The study did not explore which food or food element in the healthy diet contributed most to the reduced cognitive decline, said Dr Smyth. And because it is an observational study, it cannot establish causation, and so cannot rule out the possibility that it is not just the healthy diet, but the accompanying lifestyle choices, such as being physically active and not smoking, that help reduce cognitive decline.

"We included smoking, [body mass index,] and physical activity as covariates in our multivariable adjusted models, to take this into consideration," said Dr Smyth. "However, residual confounding cannot be entirely ruled out."

Asked to comment on the study, Neelum Aggarwal, MD, associate professor, Neurology, Rush University Medical Center, Chicago, Illinois, noted that cognitive function was a secondary/exploratory outcome of studies that were looking mainly at cardiovascular events.

"I am always a bit hesitant to draw generalized comments about cognitive change when the study was not designed to look at cognition," she told Medscape Medical News.

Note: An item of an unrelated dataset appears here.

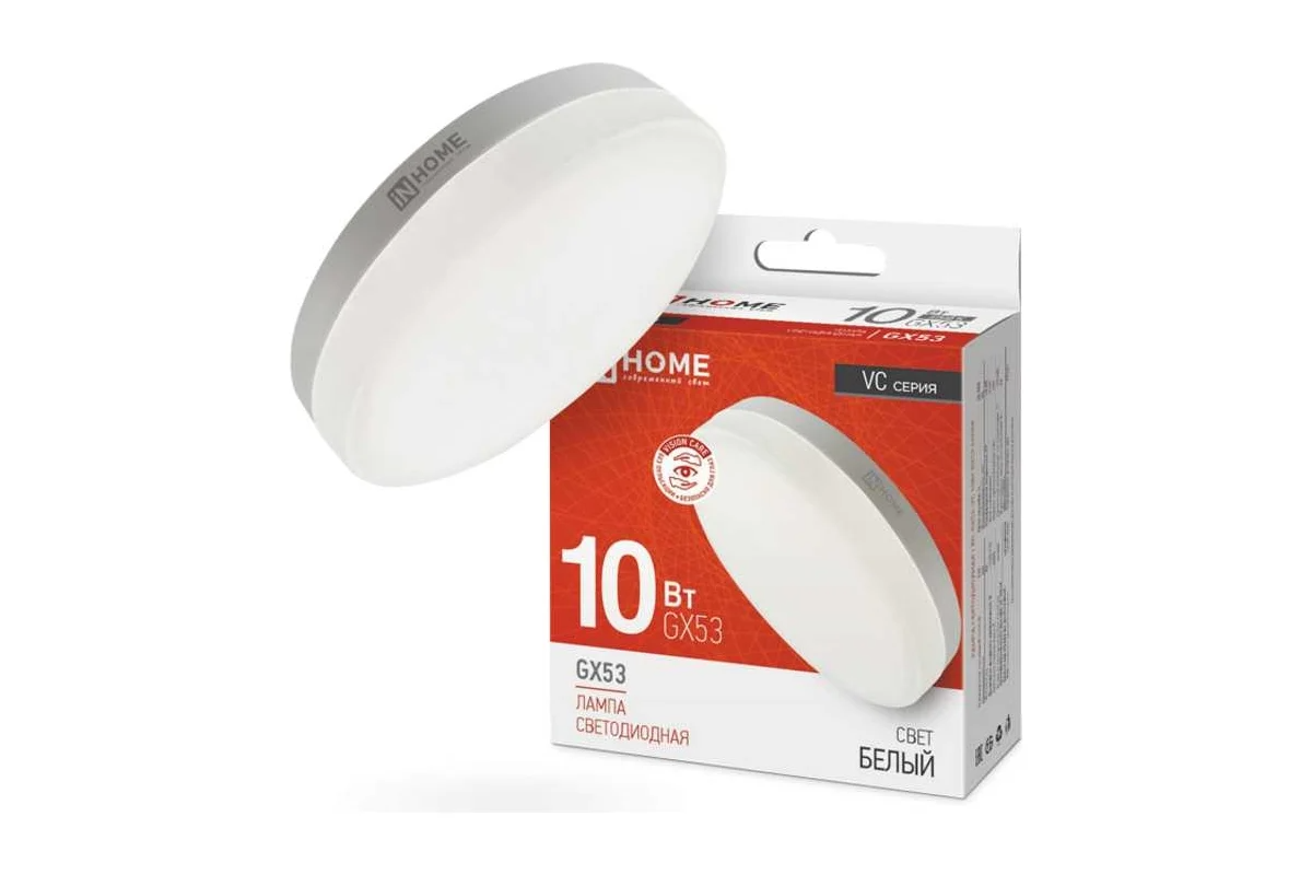 Лампа светодиод.GX 53 10Вт, 220В,матовое стекло,(4000К) нейтр. IN HOME

She also pointed out that the study used the MMSE, which "is notoriously not sensitive to measure mild cognitive changes" including mild cognitive impairment.

"This study had two cognitive determinations, and thus talking about decline is a bit risky, in that we know in healthy cohorts, fluctuation can occur in cognitive testing over time," said Dr Aggarwal. "Ideally, more cognitive endpoints would have been helpful. Typically, in our studies at Rush and other groups, we do three cognitive measures if we are using cognitive function changes as our endpoints."

The Montreal Cognitive Assessment would have been a better measure than the MMSE, she added.

However, the study also had "clear strengths," including its large sample size and use of a "standard" Food Frequency Questionnaire that looks at quartiles or quintiles and is used in "lots of analyses and types of data analyses," said Dr Aggarwal.

Using an international cohort may have benefits (eg, the results are more likely to be generalizable), but it also has also potential drawbacks (eg, the diet Food Frequency Questionnaires may differ between groups, and it is unclear if that could affect results), she said.

The study was supported by Boehringer Ingelheim. Dr Smyth has disclosed no relevant financial relationships. Disclosures for coauthors appear in the paper.